Sunday, December 31, 2006

a journal

I bought one today at the nearest store. It's only a compact red notebook, something to be carried around inconspicuously. It was on impulse that I got one at all--I looked at it, thought about all the things I've been thinking about, and said hey, why not? Ideas flow right in and then flutter right back out. I never have a chance to remember what it was. So I got this.

I never thought of myself as a thinking or writing person, but there is a sense of empowerment from writing this down.

This cafe, even with it's cheery decorations, makes me feel a little miserable. I had a couple of "friends" in Elysia, but I never felt comfortable around them.

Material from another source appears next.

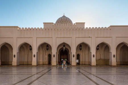 Salalah, Oman - November 12, 2017: The courtyard of the Sultan Qaboos Mosque in Salalah, Sultanate of Oman.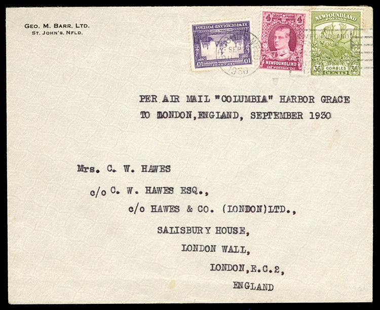 COMMONWEALTH CANADIAN PROVINCES - Newfoundland Flight Covers 1930 (25 Sep) corner card Geo.M.Barr, Ltd cover from St. John''s to England, "Per Air Mail "Columbia" Harbour Grace to London England September 1930" typewritten instructions, franked with

So I left for a few months, tried to block out the supernatural world that hovered about the very atmosphere. I attempted the everyday human life that existed before my entrance into the world of Others. Needless to say, it didn't work. I would notice an occasional feline that would stare at me as I walked by. Made me think shapeshifter. People with hats got me wondering what they were hiding in their muss of hair. Demons horns, perhaps?

It makes me think back to my teenage years, where I'd sit in the corner of the classroom while the other kids puzzled over what to label me as. I wasn't smart, pretty, weird, funny, or anything like that. I don't like little children. I don't like animals (Borris is alright, I suppose). The only thing I actually liked was money, which I didn't have a lot of. Even now I'm beginning to think it's a little overrated.

It's funny how things don't change when you're an adult. In fact, it's almost hilarious how accurately everything's been reenacted. While I'm sitting by myself here, the Others are sitting at the tables across from me. If they weren't vampires, I might actually want to talk to them.

I'm going to be socially retarded for life.